Royal Children – Curbing the Paparazzi
The latest communication from Kensington Palace represents a heartfelt plea on behalf of the Duke and Duchess of Cambridge to respect the privacy of Prince George and Princess Charlotte.
In an open letter to the media released today, Communication Secretary Jason Knauf relates the extreme lengths to which one paparazzi photographer went to obtain images of the Royal Prince. In a description more reminiscent of a spy thriller, he relates how the photographer “… rented a car and parked in a discreet location outside a children’s play area. Already concealed by darkened windows, he took the added step of hanging sheets inside the vehicle and created a hide stocked with food and drinks to get him through a full day of surveillance, waiting in hope to capture images of Prince George. Police discovered him lying down in the boot of the vehicle attempting to shoot photos with a long lens through a small gap in his hide.”

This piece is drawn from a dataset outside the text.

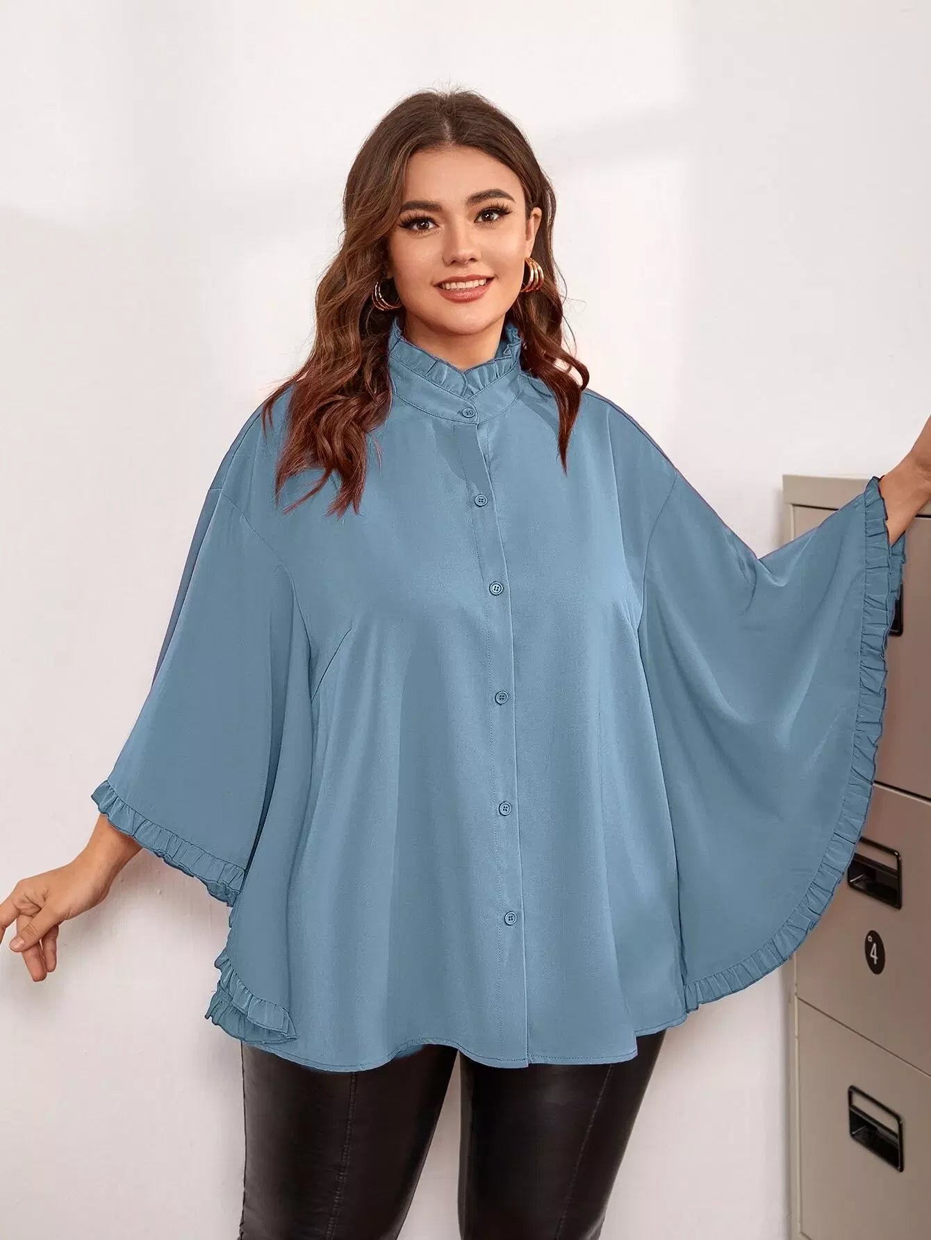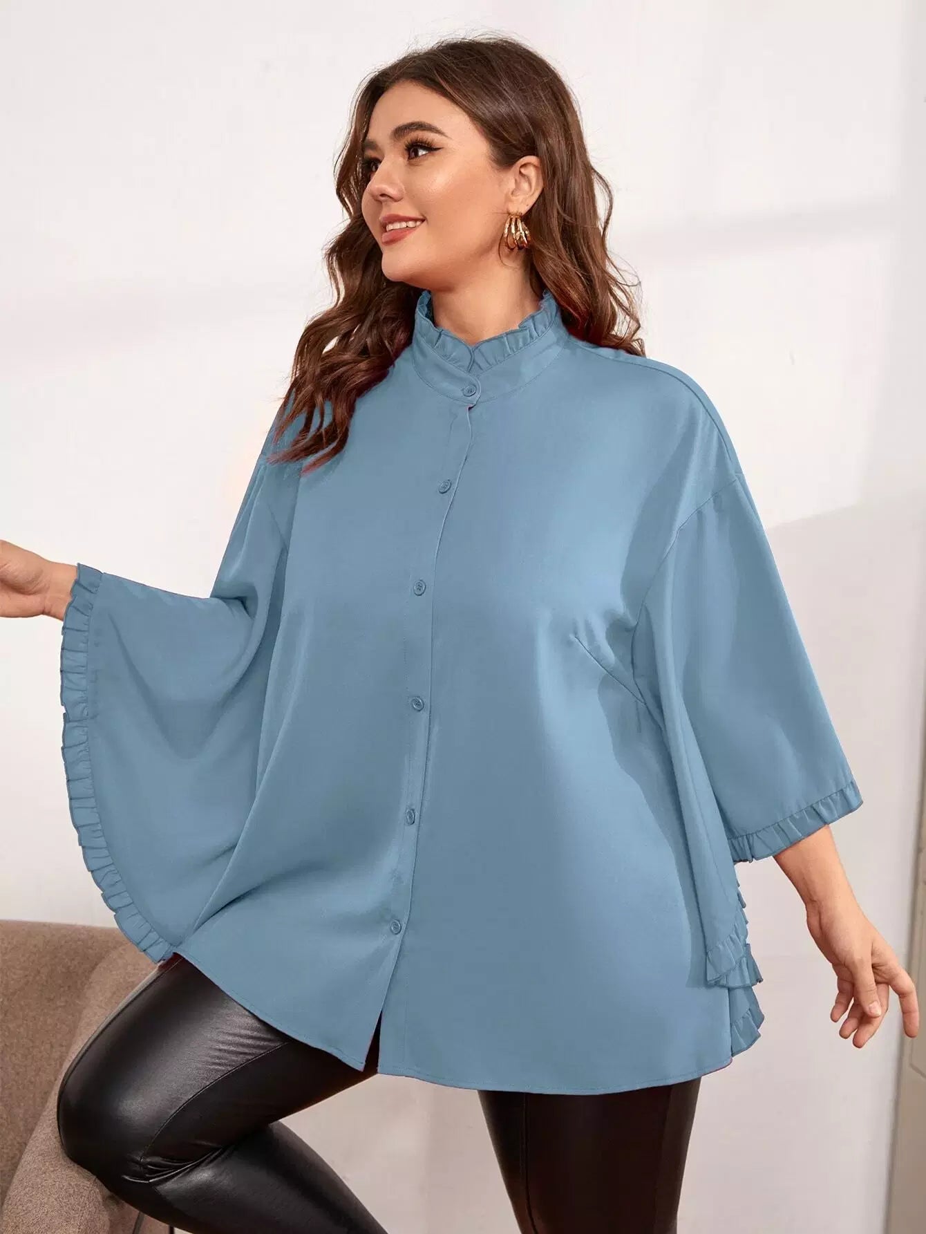بلوزة بأكمام كشكش بأكمام بلس بلس بلوزة كشكش زائد
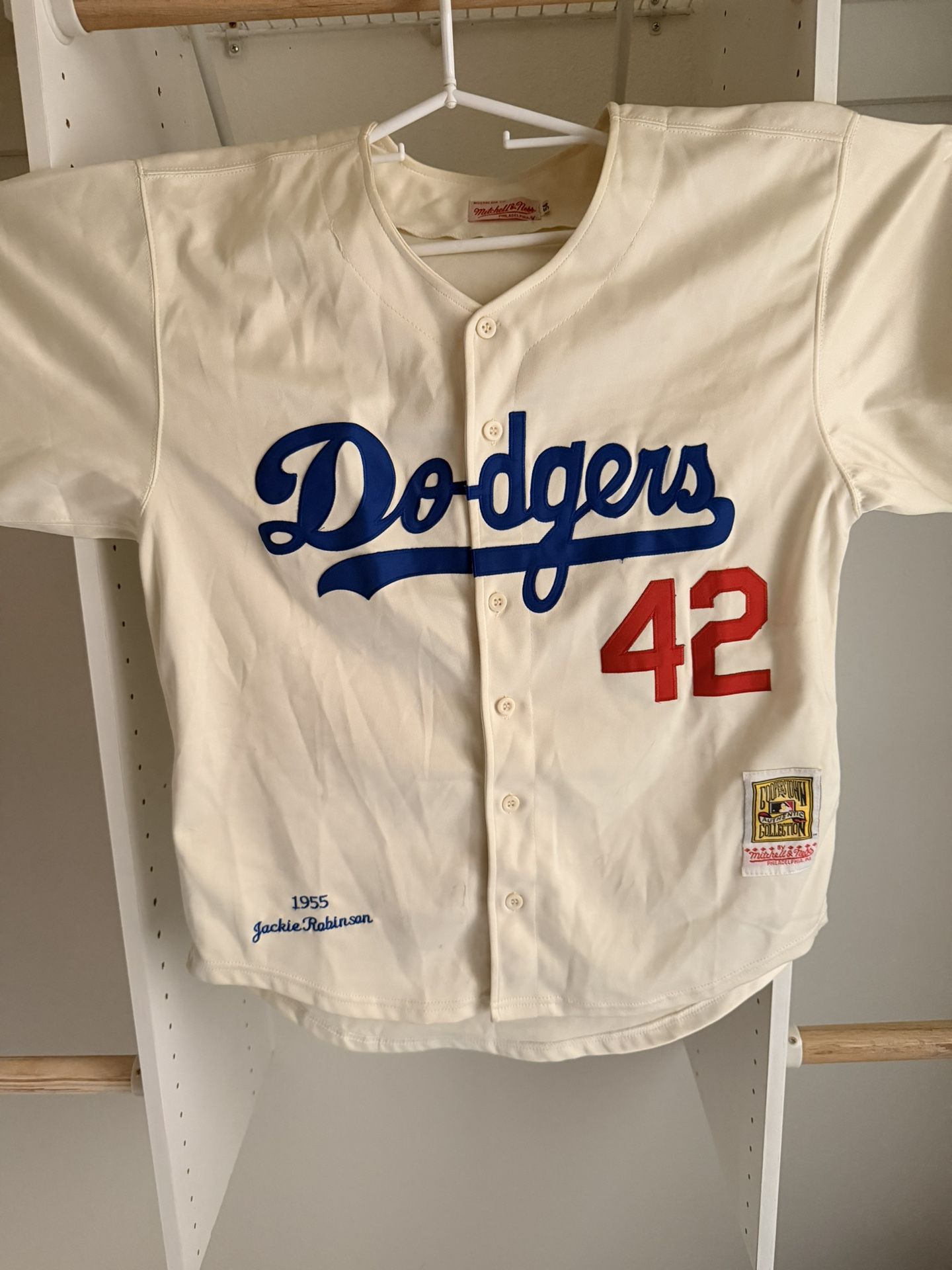 Jackie Robinson throwback cream color Mitchell & Ness jersey. Worn a few times, great condition. Normal length, it’s not a longer length. Everything stitched. Very clean.

Knauf goes on to write that “It is of course upsetting that such tactics … are being deployed to profit from the image of a two-year old boy” and observes that “…every parent would object to anyone – particularly strangers – taking photos of their children without their permission. Every parent would understand their deep unease at only learning they had been followed and watched days later when photographs emerged.”
In concluding, Knauf requests “We hope a public discussion of these issues will help all publishers of unauthorised photos of children to understand the power they hold to starve this disturbing activity of funding. I would welcome constructive conversations with any publisher or editor on these topics. And I would ask for your help as we work to encourage the highest standards on the protection of children in every corner of the media.”

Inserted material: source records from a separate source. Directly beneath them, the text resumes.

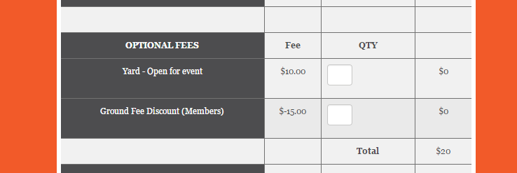 You can also choose any optional fees such as yarding and camping.
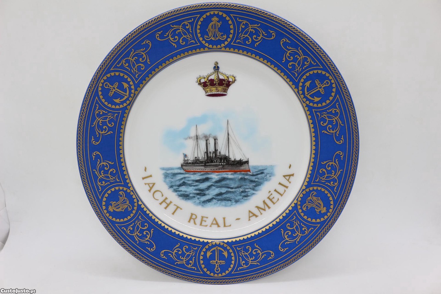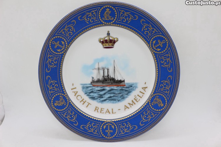 Prato em porcelana do Iate Real Amélia em tons azul e coroa em homenagem ao Rei D. Carlos um raro testemunho artístico, uma edição limitada colecções philae 1990 com 21 cm
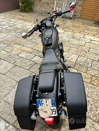 Borse in pelle con chiusura di sicurezza, scarico s&s, kit adversary, parabrezza fumé a sgancio rapido, tank bag Ends cuoio.
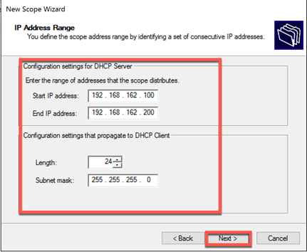 Ip Address Range bölümünde dağıtılacak IP adres aralığı ve subnet mask değerleri belirlenir. Next butonuna tıklayarak işleme devam edilir.
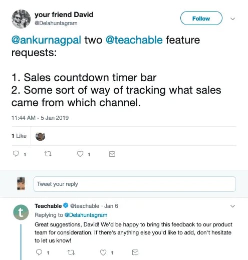Other times, users will have questions, complaints, support requests, or simply feedback—replying to these in a timely manner will help you keep a high level of satisfaction with your product or service.
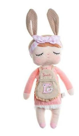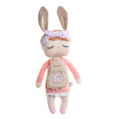 A Boneca Metoo Angela Chef tem olhos sonolentos, bochechas rosadas, orelhas de coelho e um vestido fofo com avental de Chef.
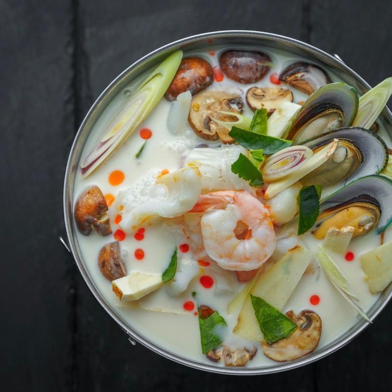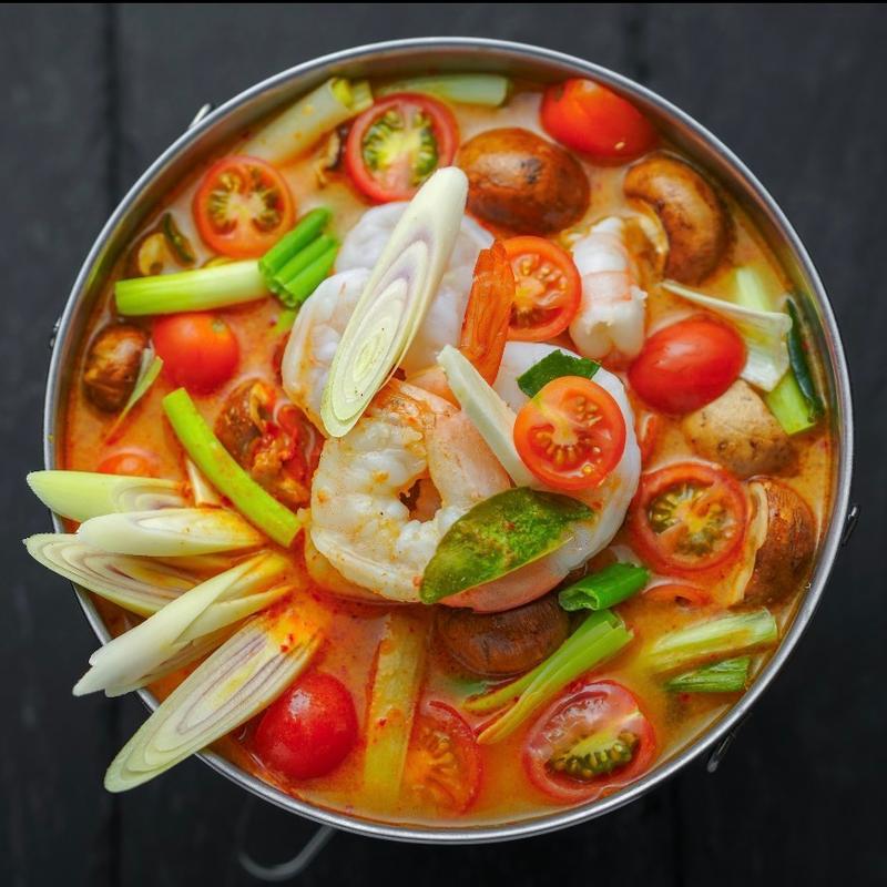 Hot and spicy soup with baby pork spare rib, chicken stock, galangal, lemongrass, lime leaves, cherry tomatoes, spring onion, and shallot.

Some will argue this is purely a privacy issue and should be dealt with according to the laws governing privacy, but perhaps it is time to consider more closely cause and effect. Knauf’s comment that “such tactics … are being deployed to profit from the image of a two-year old boy” touches upon the heart of the matter. It is the appropriation of the image of Prince George for commercial gain that is of course driving the Paparazzi to such lengths, with the consequential intrusion of privacy. Remove the commercial incentive to take the photographs and the intrusion of privacy will lessen considerably.
The key to unlocking this perennial problem is to grant the subject of the photograph rights of equal standing with the copyright enjoyed by the photographer. Icondia has long believed that the use of registered personality rights in such circumstances is a powerful aid to redressing this balance. We explained in 2014 why and how the Royal Family could benefit from this type of registration and our article just last week argued that registered personality rights could be effective against paparazzi harassment of celebrity children.
The solution to this type of excessive paparazzi intrusion already exists. The jurisdiction of Guernsey happens to have drafted this law first, but anyone may register and the protection afforded is potentially global in reach.